Clearly Oliver Stone is not in Kansas anymore as in his
Alexander the Great (2004) he takes great trouble
to recreate authenticity with costume and location. Nevertheless,
all the children and Alexander himself seem to have spent
a gap year in Belfast and yes, we have no real idea of what
Alexander did sound or speak like, but its entirely
possible that he may have been Macedonian. What we do know
about him, according to Arrian, in his work Anabasis, (modelled
on the work of Xenophon) is that possibly he was born on
July 20th 356 or 355. That he had one dark eye and one pure
blue. That histories were also written about him by Plutach
and Diodorus, men who did not meet Alexander. Plutachs
work written in 100 AD. Ptolemy was the historian (and King)
who actually knew Alexander and recorded his own History
of Alexander, but none of these works refer to Alexander
dying his hair blonde.
Does it matter? Film, like historical fictions are only
entertainments, after all. They are not supposed to be scholarly
works and would bore us all rigid if they were. The very
fact that Arrian wrote Anabasis about Alexander meant that
the after effects of his empire building were reverberating
through history and that sometimes it is hard to separate
fact from myth, even just a few years after an event.
Mel Gibson with his epic The Passion of Christ (2004)

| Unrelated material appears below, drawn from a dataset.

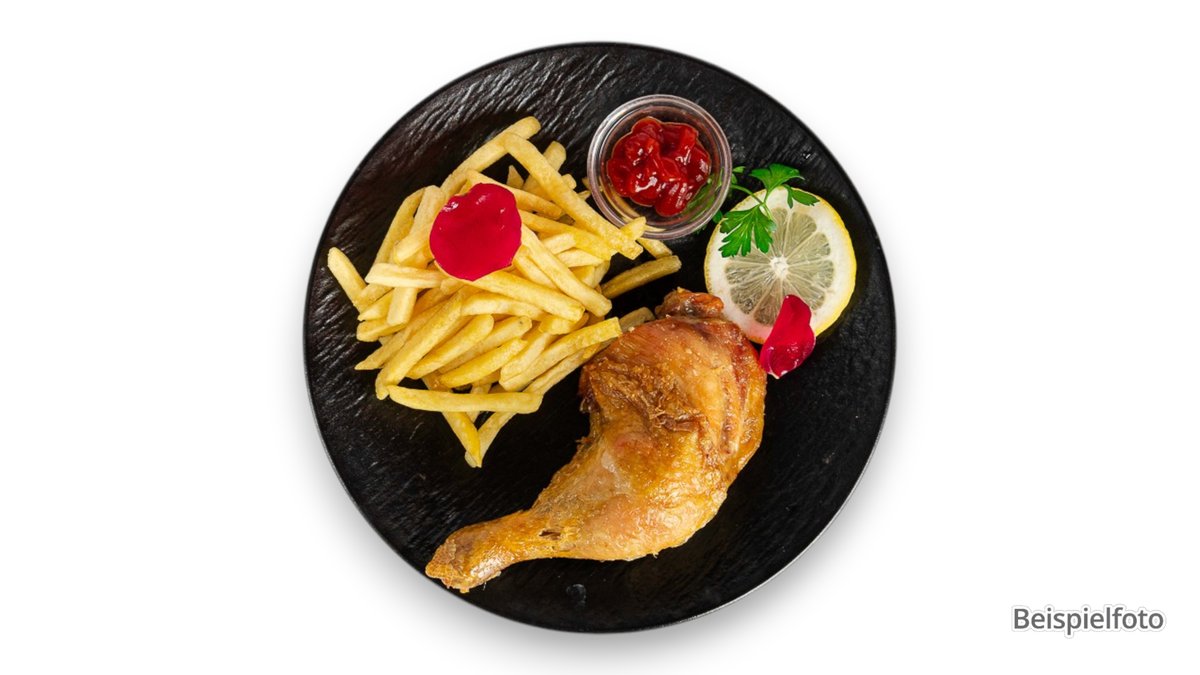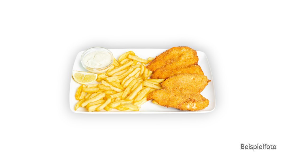 mit Fleisch vom Schwein, Pommes frites und kleiner Beilagensalat

a film telling of the final hours of Christs
life is unusual in that it is spoken in Latin and Aramaic
with English subtitles. This lends it sense of authenticity,
at the same time ran a huge risk with audiences. That it
became the most profitable historical movie of all time
is testimony to the careful research done by Gibson and
the writer Benedict Fitzgerald and the topic itself. But
was it authentic?
Was this the real Christ? Were the Romans so callous and
cruel? These were the last hours of Christ and it could
be this was how it was or just another, rather vivid illustration.
The point of historical fiction, I suppose, whether in film
or print, it that everything is open to interpretation.
Was Christ even real? That of course is another debate,
but to strip away the layers of propaganda about him, what
he meant, what he said, how he acted, who he trusted is
hard. Everything we know about him was written after the
event, some by men who knew him, such as the apostles, some
by those who merely set down the oral histories after the
filter of time.
This paper is entitled Bringing the Dead back to life
but, if you came thinking it is about Frankenstein or the
work of Anne Rice, interesting though they may be, you will
be disappointed. Its about how we can find the right
voice and manner through research to bring real characters
to life in the writers special world.
Clearly it is easier
for a work set in the 20th Century because we have so much
archived in every shape. Records, paper, tape, film, photographs,
almost anyone of note has been interviewed, however briefly,
and if you want to know how say, Young Winston talked or
carried himself, the clues are in his own writings and comments
made about him in the newspapers of the time, even Punch
magazine. But Winston is an easy target and no challenge
at all. Finding facts and details on his wife Clemmie as
a young woman would be a challenge worthy of a historical
novelist, for less is known, her opinions reserved. However
we do have her letters. Mary Soames had unique access to
the personal correspondence between Winston and Clementine
and these entitled Speaking for Themselves
was published by the Churchill Centre in New York in 1999.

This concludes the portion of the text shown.